If you hadn't noticed, I've been posting a lot of recipes with avocados in them. That's because this is the perfect season for Hass avocados. Hass avocados are the west coast avocado and in my opinion (and many others), tastes so much better than it's Floridian cousin. Usually, when these avocados are ripe they have a dark green or almost black skin and they are firm but have some give to them when you squeeze them GENTLY (is the key word!). If you can't find any ripe ones off the shelf at your grocer put a couple hard ones in a brown paper bag on your counter for a couple of days.
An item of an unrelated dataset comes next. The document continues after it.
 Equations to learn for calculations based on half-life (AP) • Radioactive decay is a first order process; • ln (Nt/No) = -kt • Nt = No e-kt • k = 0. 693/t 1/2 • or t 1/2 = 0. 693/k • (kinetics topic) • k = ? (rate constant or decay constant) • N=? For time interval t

I've been hanging on to this recipe for a long time. Back in San Diego there was a food section that came out in the news paper every Wednesday. That is where I found this beauty. It's good the second day. The lime juice helps preserve the colors but the avocado gets a little messy and there are a little more juices flowing! To me this is everything that envelopes Southern California and it's adoption of Latin American cuisine. It's a cross between an Israeli Cucumber & Tomatoe Salad, guacamole, and salsa. It's loaded with veggies and healthy fat. All by itself it makes a colorful presentation. A great accompanyment to any BBQ. It also does not contain any jalepenos so, it's perfect for the sensitive pallet! This recipe was contributed to the San Diego Union Tribune by Douglas Rodriguez from his book "Nuevo Latino: Recipes That Celebrate the New Latin-American Cuisine".
Instead of buying a "mild onion" as the recipe states, I just used all of the green onions that I bought in the bunch.
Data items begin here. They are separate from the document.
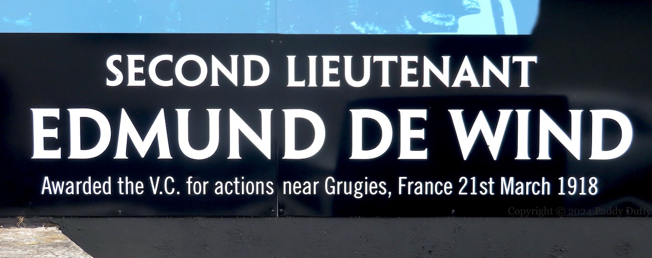 “Second Lieutenant Edmund De Lind. Awarded the VC for actions near Grugies, France 21st March 1918.”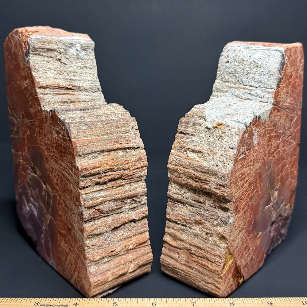 Petrified Wood is a type of a fossil as it consists of fossil wood where all the organic materials have been replaced with minerals while retaining the original structure of the wood. These minerals are most often Silicates such as Quartz. Other minerals, Manganese, Iron and Copper, in the water or mud during the petrification process gives Petrified Wood a variety of color ranges: black – Carbon; green/blue – Copper; red/brown/yellow – Iron. Petrified Wood can preserve the original structure of the wood in all its detail all the way down to the microscopic level. Structures such as tree rings and the various tissues are often observed features. Although Petrified Wood can be found worldwide, it is rather rare in larger quantities and at times can be difficult to obtain by the average collector.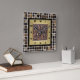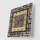 10.75" x 10.75" acrylic wall clock with image of copper glass tiles and a square gold clock face with embossed copper tile insinsist.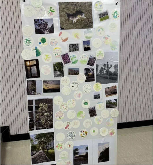 活动现场氛围热烈,同学们手持彩笔,在白色小圆纸上精心勾勒眼中的春日校园,抽芽嫩枝、盛放春花等元素跃然纸上,每幅作品都承载着对春景的喜爱与对自然的热爱。大家小心翼翼地将手绘画作及春日校园照片粘贴在展板上,零散创意汇聚成一幅完整的春日画卷,为活动画上温暖句号。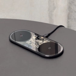 Es ist schwer, das Aussehen dieses Gadgets zu ignorieren. Für seine Herstellung wurde gehärtetes Glas mit Spiegeleffekt verwendet. Die transparenten Elemente auf dem Panel machen die Hardware-Ausstattung wie Chip, Sicherheitsschaltung und andere Komponenten sichtbar. Das Produkt mit minimalistischem Design verfügt über einen versteckten Typ-C-Eingang, der mit den modernsten Geräten auf dem Markt kompatibel ist. Es ermöglicht ein stabiles und effektives Laden. Zusätzlich ist es mit einer digitalen Anzeige ausgestattet, die über die aktuelle Ladeleistung des Gerätes informiert.

1/4 cup finely chopped green onions
1 large red bell pepper, stemmed, seeded and finely diced
1/3 cup finely minced sweet onion
1/4 cup chopped cilantro leaves
1 small tomatoe, seeded and chopped
1 cucumber, peeled
1/4 cup freshly squeezed lime juice (about 2 limes)
2 Tbsp. extra virgin olive oil
1/2 tsp. salt
1/4 tsp. pepper
3 ripe but firm Hass avocados
Combine the green onions, red pepper, sweet onion, cilantro and tomato in a large bowl.
Cut the cucumber in half lenthwise and scoop out the seeds with a spoon. Cut crosswise into thin slices and add to the vegetables.
Stir in the lime juice, olive oil, salt and pepper. Peel the avocados and cut into chunks (omitting the pit). Carefully fold into the salad.